Um dos aspectos inovadores das propostas residiu na identificação do acesso participativo e universal dos brasileiros ao conhecimento, como um desafio científico da área. Aparentemente um problema da esfera política, ele remete à pesquisa sobre a interação homem-computador e ultrapassa questões de acesso aos equipamentos. “Absorver populações heterogêneas no processo informacional é um problema tecnológico de difícil resolução, mas é do ponto de vista do resultado que ele deve ser visto como uma questão de fronteira”, reflete Virgílio Almeida.

Atentos a uma série de dispositivos eletrônicos no cotidiano das pessoas, especialistas se perguntam como desenvolver aplicações e serviços para grupos populacionais de perfis econômico, cultural e educacional diversos, garantindo-lhes o que denominam acesso participativo. Esta última palavra é a chave para compreender a complexidade do problema. “Isso significa que a construção do conhecimento não viria apenas de quem projeta esses meios, mas também de quem os utiliza”, explica o professor da UFMG. Um desafio real, quando se sabe que pelo menos 15% da população brasileira é analfabeta.

Ainda segundo a avaliação do pesquisador, o desafio é tipicamente nacional, mesmo que ele ressalve não considerá-lo exclusivo do país. A questão foi provocada pelo coordenador de iniciativa correlata promovida nos Estados Unidos pela National Science Foundation (NSF), que desejou saber em que aspectos os problemas brasileiros diferiam dos deles. Para Virgílio Almeida – um dos dois estrangeiros convidados a participar do esforço norte-americano, em 2003 –, a diferença inclui tanto o acesso participativo como o desenvolvimento de sistemas de computação e informação que colaborem na proteção ambiental da Amazônia. “Os norte-americanos também possuem desafios nesse campo, mas na Amazônia eles se encontram concentrados”, esclarece.

A questão abrange o que os especialistas denominaram como gestão da informação em grandes volumes de dados multimídias distribuídos, na lista da SBC. As investigações se destinam a recuperar informações sob a forma de imagem, texto, voz e vídeo. Suas repercussões para o meio ambiente deverão ocorrer a partir do desenvolvimento de microssensores que, instalados em aviões de monitoramento, captem informações distribuídas, posteriormente, para uma rede. O conjunto dos dados permitiria identificar, por exemplo, a diminuição de espécies – procedimento hoje inviável com informações provenientes de satélites. A UFMG possui núcleos bastante estruturados e com trabalhos de repercussão na área.

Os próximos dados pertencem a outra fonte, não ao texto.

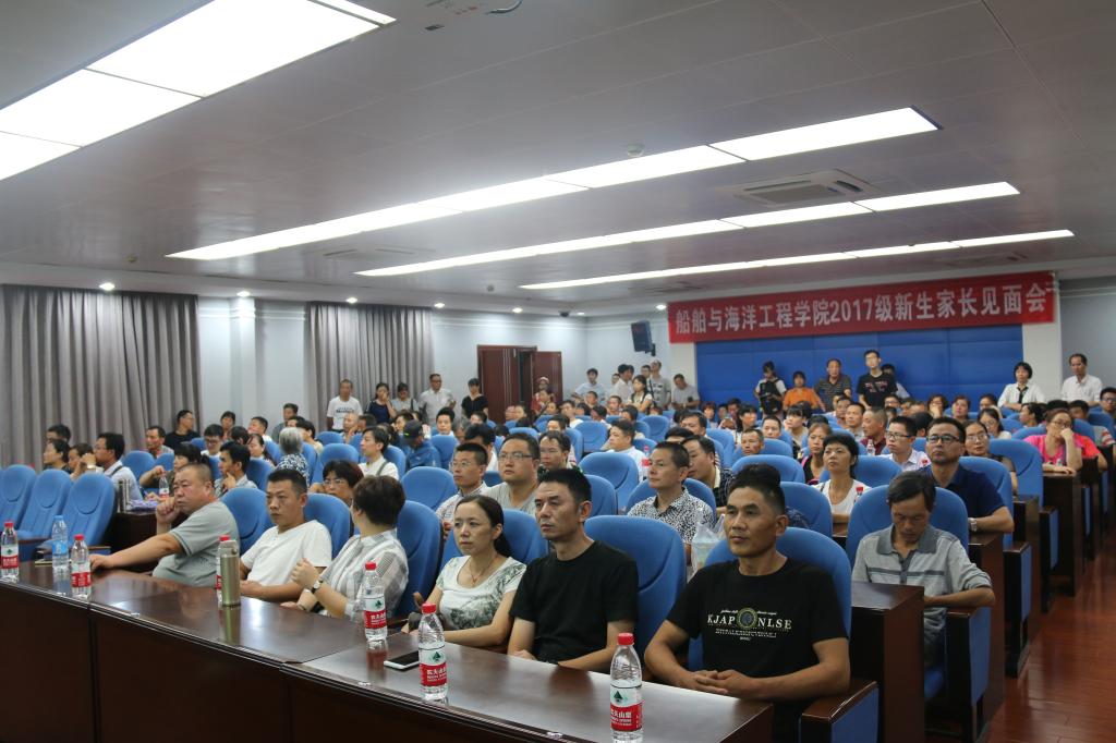 9月1日晚,我院2017级新生家长交流会在武钢联合实验室四楼报告厅召开。出席本次活动的领导和老师有:学院党委书记萧莉老师,院长解德教授,副院长李维嘉教授,副院长程远胜教授,院党委副书记谢宇翔老师,船舶与海洋工程系主任李天匀教授,轮机工程系主任徐国华教授,班主任张正艺和刘加一老师。交流会由2017级辅导员曹金梅老师主持。
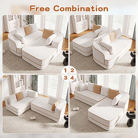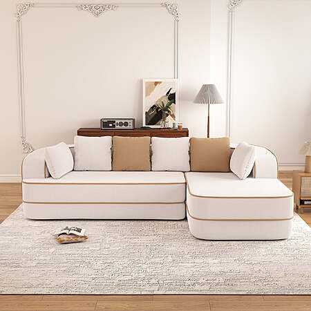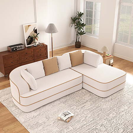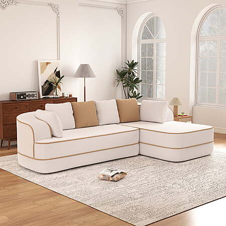 Aukfa 106" 2-Piece Modular Sectional Sofa for Living Room, Right Chaise, Plush Teddy Velvet, White $324

Os demais desafios para os cientistas da computação no país são compartilhados por grupos internacionais de pesquisa. Um tema relevante trata dos impactos da transição do silício para novas tecnologias, incluindo a nanotecnologia, os computadores biológico e quântico. A questão consiste em analisar como os programas serão projetados para conviver com dispositivos que não se encontram estabelecidos. Outro tema da lista de desafios é a modelagem computacional dos sistemas complexos artificiais, naturais e socioculturais e da interação homem-natureza. Trata-se de recurso considerado imprescindível para a ciência moderna, já que põe em interação extensa gama de variáveis de um problema a partir do qual se pretende simular desdobramentos.

Outra linha de pesquisa aponta para o desenvolvimento tecnológico de qualidade, com sistemas disponíveis, corretos, seguros, escaláveis, persistentes e ubíquos. As investigações destinam-se a estudar, por exemplo, como os sistemas de computação presentes em todos os lugares podem aumentar seu grau de confiabilidade, evitando quedas e fraudes no funcionamento. Mundialmente, o tema ganhou destaque devido à necessidade de os governos prevenirem ações terroristas. Nessa área, a Universidade possui grupos de reconhecida competência na comunidade científica internacional.

O fator trans A conjunção dos campos de conhecimento para explorar espaços entre as disciplinas é, sob outra vertente, fato recorrente na história da ciência e, modernamente, produziu áreas interdisciplinares como a bioquímica, a biofísica e a geofísica. Freqüentemente, a estratégia de diálogo entre os especialistas que participam desse processo de interação tem sido a de recortar os problemas em fatias dos saberes.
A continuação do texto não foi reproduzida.